This is a column about how Eugene will meet the June deadline to allow more housing flexibility, as required by House Bill 2001 and passed by the state legislature in 2018. Except this is not a column about the policy changes which have been required, proposed or contemplated.
The policies are important but they obscure something that matters more — our societal order.
Strip away the policy details and a starker image emerges — one that looks vaguely familiar. It resembles the storming of the United States Capitol on January 6, 2021. Eugene City Council work session this week extended past midnight, because 125 participants gave testimony. Councilor Mike Clark said he’d never seen anything like it.
The City Council knew from the start that this was a hot potato. They delayed their deliberation for as long as possible. They used that time to extend the public outreach deep and wide. They added extra layers of inclusion with an Equity Roundtable, Healthy Democracy Panel, Middle Housing Review Panel, and other outreach efforts.
The Middle Housing Review Panel was designed to reach beyond “the usual suspects.” These were not policy wonks or growth management experts. They were citizens. They met 15 times over six months, carefully weighing how each policy change would effect everyday life. They wrestled with trade-offs, complying with legal requirements, as well as economic changes the policies could invite.
Their hard work was unanimously approved by the Eugene Planning Commission. The Planning Commission then launched its own process, including robust public comments, before sending to the Eugene City Council their unanimous policy recommendations.
City Council will continue to solicit public comment with two more work sessions. That’s an important part of the public process. The testimony that would be most useful to them at this point would be details and data that hadn’t been considered earlier in the process. There wasn’t much of that at Monday’s work session.

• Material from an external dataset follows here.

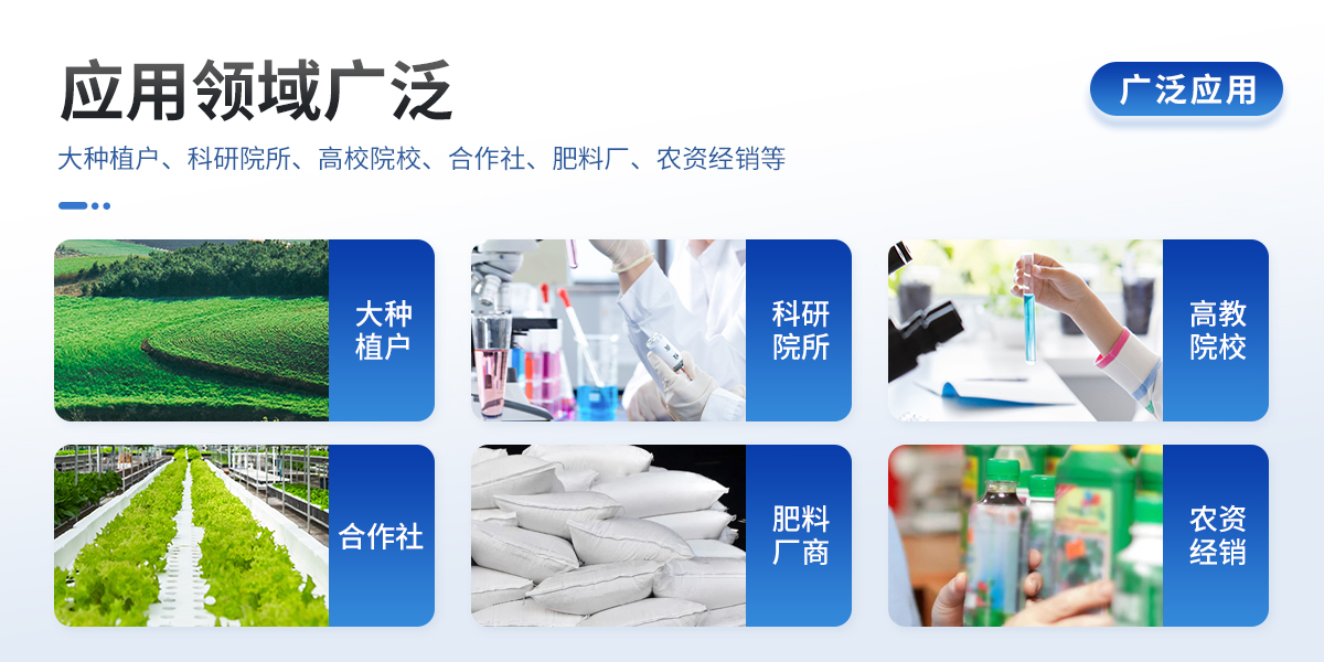 | 1、土壤養(yǎng)分: ●土壤總有機碳TOC、土壤碳氮比、銨態(tài)氮、土壤有效磷、土壤速效鉀、土壤硝態(tài)氮、土壤水解氮、土壤全氮、土壤全磷、土壤全鉀、土壤有機質(zhì)(丘林法)、土壤有機質(zhì)(浸提法)、PH值、含鹽量、水分。 ●土壤中微量元素:土壤鈣、土壤鎂、土壤硫、土壤硅、土壤硼、土壤鐵、土壤銅、土壤錳、土壤鋅、土壤氯; ●土壤重金屬:土壤鉛、土壤砷、土壤鎘、土壤鉻、土壤汞。 | 2、肥料養(yǎng)分: ●有機肥總有機碳TOC、有機肥碳氮比、全氮、有機肥全磷、有機肥全鉀、有機肥硝態(tài)氮、有機肥速效磷、有機肥速效鉀、有機肥酸解氮、有機質(zhì); ●復(fù)合肥碳氮比、全氮、復(fù)合肥全磷、復(fù)合肥全鉀; ●水溶肥碳氮比、全氮、水溶肥全磷、水溶肥全鉀; ●葉面肥碳氮比、全氮、葉面肥全磷、葉面肥全鉀; ●水溶性腐植酸(風化煤)、水溶性腐植酸(褐煤)、水溶性腐植酸(泥炭)、游離態(tài)腐植酸(風化煤)、游離態(tài)腐植酸(褐煤)、游離態(tài)腐植酸(泥炭); ●單質(zhì)肥:氮肥中銨態(tài)氮、肥料硝態(tài)氮、尿素氮、縮二脲、磷肥中磷、磷肥中水溶性磷、鉀肥中鉀; ●各種肥料微量元素:肥料鈣、肥料鎂、肥料硫、肥料硅、肥料硼、肥料鐵、肥料銅、肥料錳、肥料鋅、肥料氯; ●肥料重金屬:肥料鉛、肥料砷、肥料鎘、肥料鉻、肥料汞。 |

Councilors Clark and Alan Zelenka worried aloud about the strident tone in some testimony, as well as the unprecedented volume. Councilors should consider whether the last-minute intensity was evidence not of a failed process but of a deliberate attempt to inject fear and chaos as the decision deadline nears.
Those who stormed our Capitol on January 6 wanted to disrupt the democratic process for certifying the election. They insisted that their voice hadn’t been heard, but their only evidence was that they weren’t getting their way. Because that bullying was not immediately and unanimously condemned, it has provided a playbook that imperils democratic values and processes everywhere, including here.
Families of elected officials have been threatened at the front door of their houses. Volunteers have been disparaged and warned to watch their backs. Volunteers are essential to making our democracy work — the everyday citizens on the Middle Housing Review Panel, our Planning Commissioners, and everyone who made this process as robust and inclusive as possible.
Some will be unhappy with the final decisions. That’s inevitable — and all the more reason we should respect our democratic processes and trust the outcomes they produce.